Dickens mentions "equinoctial gales" which reminds me of September hurricanes in New England.

I first encountered the word "equinox" in Kipling's Elephant's Child:
"One fine morning in the middle of the Precession of the Equinoxes this 'satiable Elephant's Child asked a new fine question that he had never asked before. He asked, 'What does the Crocodile have for dinner?' Then everybody said, 'Hush!' in a loud and dretful tone, and they spanked him immediately and directly, without stopping, for a long time. "

"That very next morning, when there was nothing left of the Equinoxes, because the Precession had preceded according to precedent, this 'satiable Elephant's Child took a hundred pounds of bananas (the little short red kind), and a hundred pounds of sugar-cane (the long purple kind), and seventeen melons (the greeny-crackly kind), and said to all his dear families, 'Goodbye.
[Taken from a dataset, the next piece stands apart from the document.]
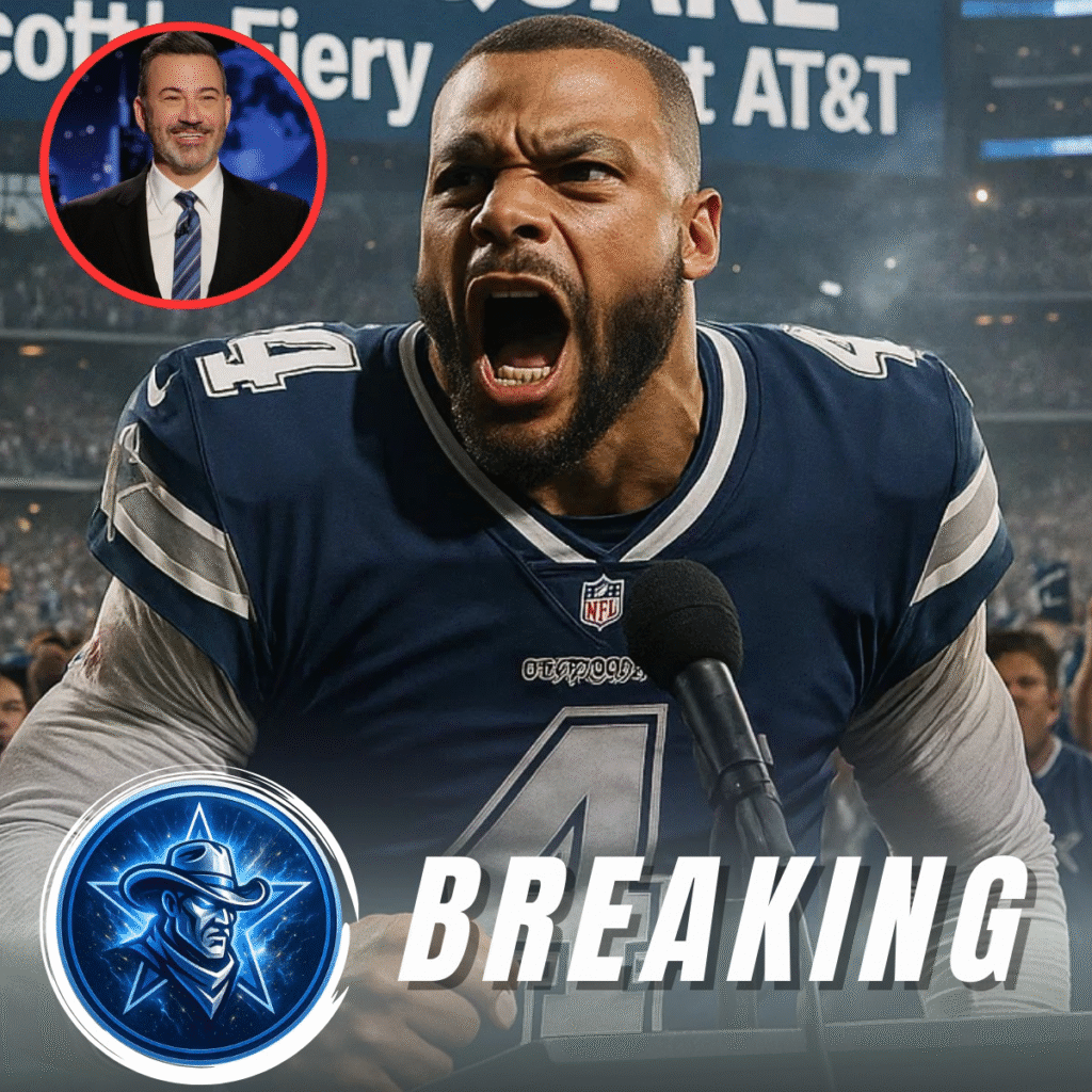 A dramatic and explosive moment rippled through the NFL and pop culture this week after a viral clip circulated showing Dallas Cowboys quarterback Dak Prescott delivering a blistering public vow aimed at late night host Jimmy Kimmel. In the clip, Prescott allegedly lashes out over recent jokes and commentary about a sensitive and tragic event, vowing in no uncertain terms that he would not tolerate what he described as turning the departed into a joke on national television. The footage — widely shared across platforms — sent Cowboys fans into a frenzy and reignited a national conversation about the limits of comedy, grief, and athlete activism.

I am going to the great grey-green, greasy Limpopo River, all set about with fever-trees, to find out what the Crocodile has for dinner.' And they all spanked him once more for luck, though he asked them most politely to stop."


When I read this in bed, with the covers over my head to hide my light, the mysterious words added to the appeal of
the story. It was a long time before I learned what "equinox" meant, and longer still before I read an explantion of the "precession of the equinoxes" and learned it was not some kind of a parade.